* Problem description *
Going through the material below, output exactly the lines from the one containing "X says Doctor" through the one containing "A estrutura, com", and no pictures.

* Provided records *
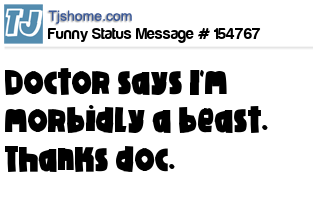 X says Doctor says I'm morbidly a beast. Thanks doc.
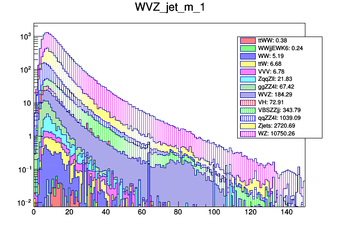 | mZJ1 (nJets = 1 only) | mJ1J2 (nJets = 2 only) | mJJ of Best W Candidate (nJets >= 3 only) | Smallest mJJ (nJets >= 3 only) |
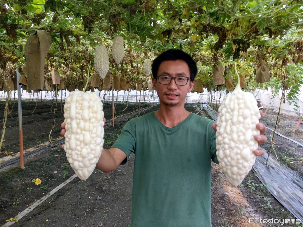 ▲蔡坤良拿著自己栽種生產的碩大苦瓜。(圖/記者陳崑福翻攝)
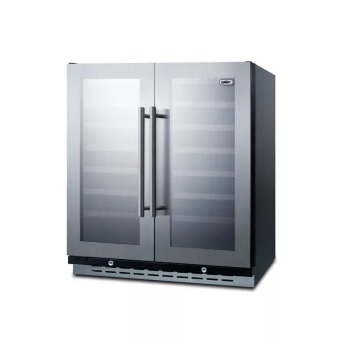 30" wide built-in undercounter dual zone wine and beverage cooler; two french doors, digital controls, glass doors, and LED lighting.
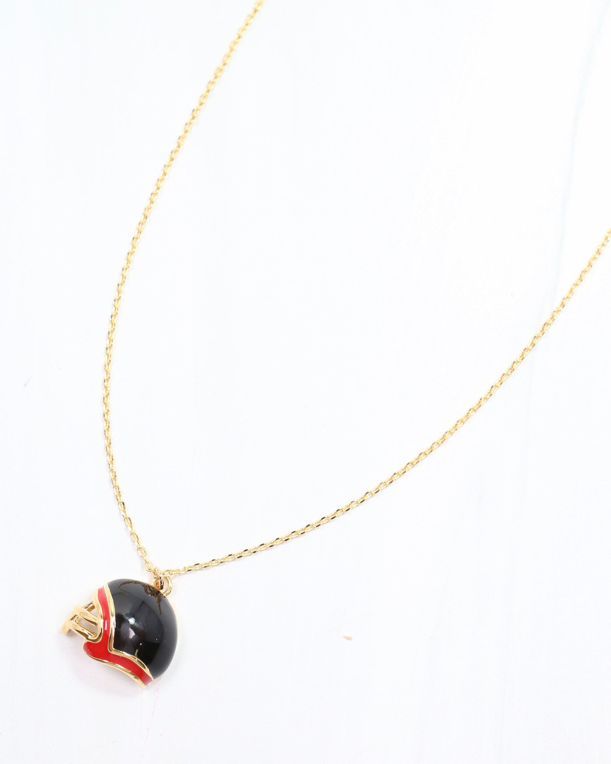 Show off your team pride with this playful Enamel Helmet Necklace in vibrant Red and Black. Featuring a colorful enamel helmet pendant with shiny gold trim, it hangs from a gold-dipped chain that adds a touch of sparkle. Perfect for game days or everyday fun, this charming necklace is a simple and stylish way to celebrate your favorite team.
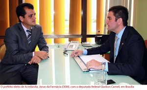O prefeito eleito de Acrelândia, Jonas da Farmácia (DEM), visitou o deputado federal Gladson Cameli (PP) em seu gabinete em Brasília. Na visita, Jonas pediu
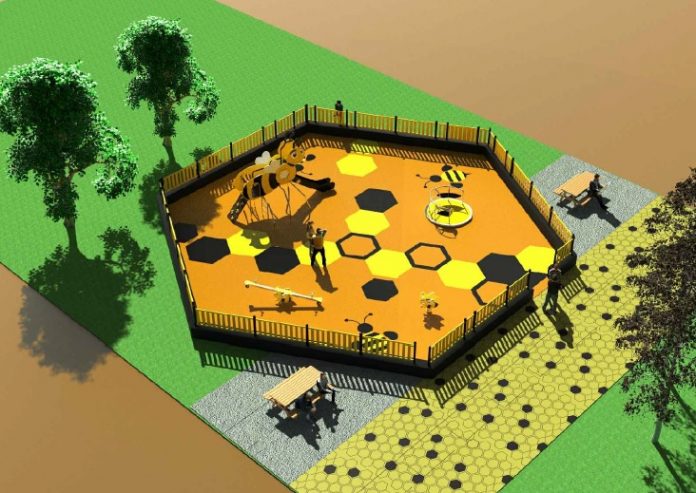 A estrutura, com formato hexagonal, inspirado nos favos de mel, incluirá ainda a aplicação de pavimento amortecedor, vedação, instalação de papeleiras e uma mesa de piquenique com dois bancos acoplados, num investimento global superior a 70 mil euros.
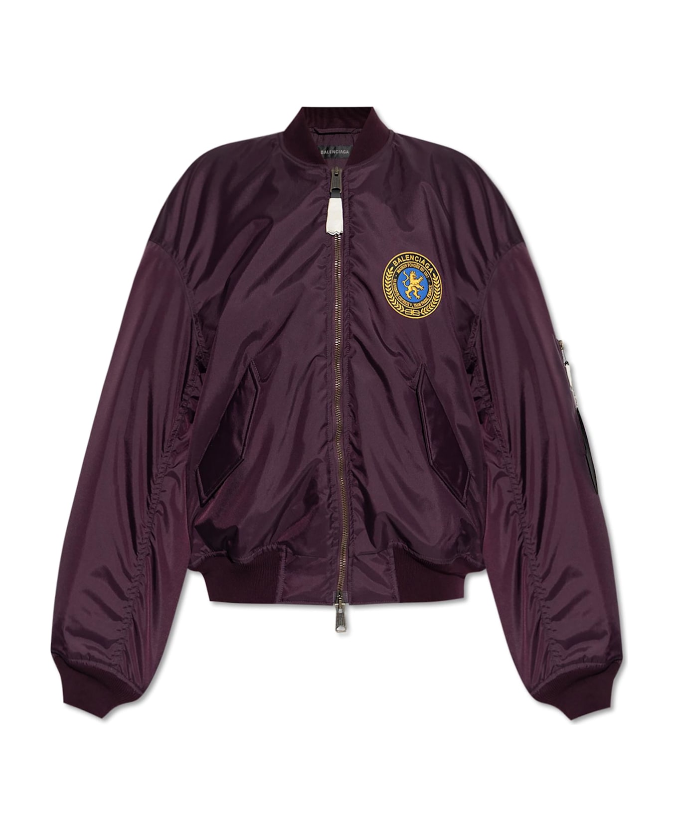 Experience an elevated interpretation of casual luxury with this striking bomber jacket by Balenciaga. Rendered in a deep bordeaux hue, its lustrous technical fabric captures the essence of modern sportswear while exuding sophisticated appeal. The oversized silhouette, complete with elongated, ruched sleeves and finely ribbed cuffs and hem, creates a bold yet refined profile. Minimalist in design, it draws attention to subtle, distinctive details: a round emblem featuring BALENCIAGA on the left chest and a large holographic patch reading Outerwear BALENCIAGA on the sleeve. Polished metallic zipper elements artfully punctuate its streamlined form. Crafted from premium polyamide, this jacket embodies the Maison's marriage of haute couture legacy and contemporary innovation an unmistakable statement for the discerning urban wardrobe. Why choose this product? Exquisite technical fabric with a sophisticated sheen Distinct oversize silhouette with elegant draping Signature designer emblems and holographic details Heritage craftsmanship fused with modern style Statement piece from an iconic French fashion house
* * *
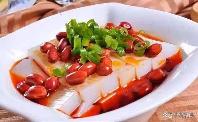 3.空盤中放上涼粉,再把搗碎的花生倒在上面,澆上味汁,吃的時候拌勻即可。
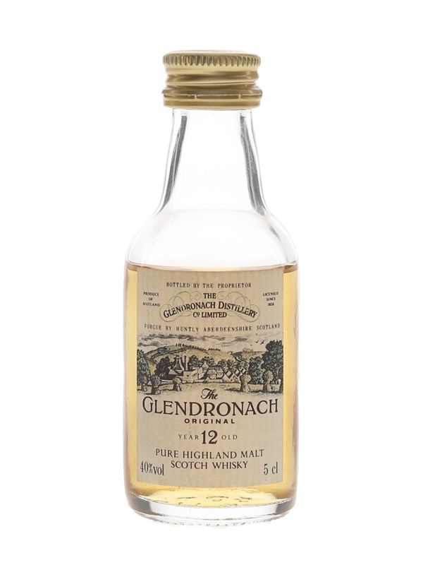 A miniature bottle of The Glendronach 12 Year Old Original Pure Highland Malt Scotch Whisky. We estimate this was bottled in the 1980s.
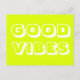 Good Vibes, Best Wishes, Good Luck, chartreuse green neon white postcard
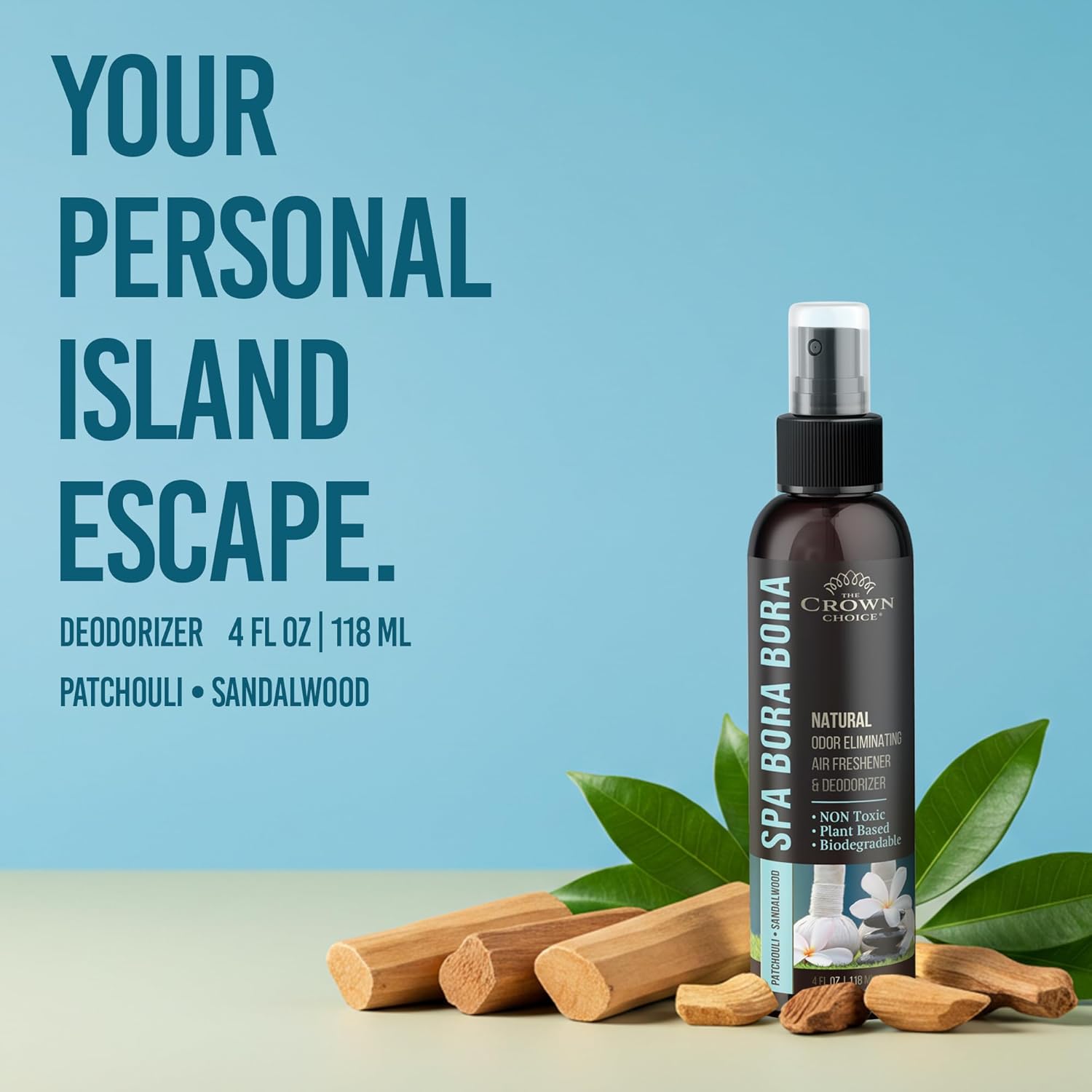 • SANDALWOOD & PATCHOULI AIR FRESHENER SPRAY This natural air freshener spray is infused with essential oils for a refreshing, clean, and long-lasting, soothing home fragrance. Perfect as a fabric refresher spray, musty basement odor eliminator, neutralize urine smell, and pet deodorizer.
--
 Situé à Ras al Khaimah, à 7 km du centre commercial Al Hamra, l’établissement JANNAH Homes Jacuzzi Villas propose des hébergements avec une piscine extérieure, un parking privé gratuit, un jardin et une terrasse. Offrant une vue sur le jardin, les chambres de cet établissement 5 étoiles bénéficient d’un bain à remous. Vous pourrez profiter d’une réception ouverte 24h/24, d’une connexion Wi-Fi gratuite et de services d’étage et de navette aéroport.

* Task result *
 X says Doctor says I'm morbidly a beast. Thanks doc.
 | mZJ1 (nJets = 1 only) | mJ1J2 (nJets = 2 only) | mJJ of Best W Candidate (nJets >= 3 only) | Smallest mJJ (nJets >= 3 only) |
 ▲蔡坤良拿著自己栽種生產的碩大苦瓜。(圖/記者陳崑福翻攝)
 30" wide built-in undercounter dual zone wine and beverage cooler; two french doors, digital controls, glass doors, and LED lighting.
 Show off your team pride with this playful Enamel Helmet Necklace in vibrant Red and Black. Featuring a colorful enamel helmet pendant with shiny gold trim, it hangs from a gold-dipped chain that adds a touch of sparkle. Perfect for game days or everyday fun, this charming necklace is a simple and stylish way to celebrate your favorite team.
O prefeito eleito de Acrelândia, Jonas da Farmácia (DEM), visitou o deputado federal Gladson Cameli (PP) em seu gabinete em Brasília. Na visita, Jonas pediu
 A estrutura, com formato hexagonal, inspirado nos favos de mel, incluirá ainda a aplicação de pavimento amortecedor, vedação, instalação de papeleiras e uma mesa de piquenique com dois bancos acoplados, num investimento global superior a 70 mil euros.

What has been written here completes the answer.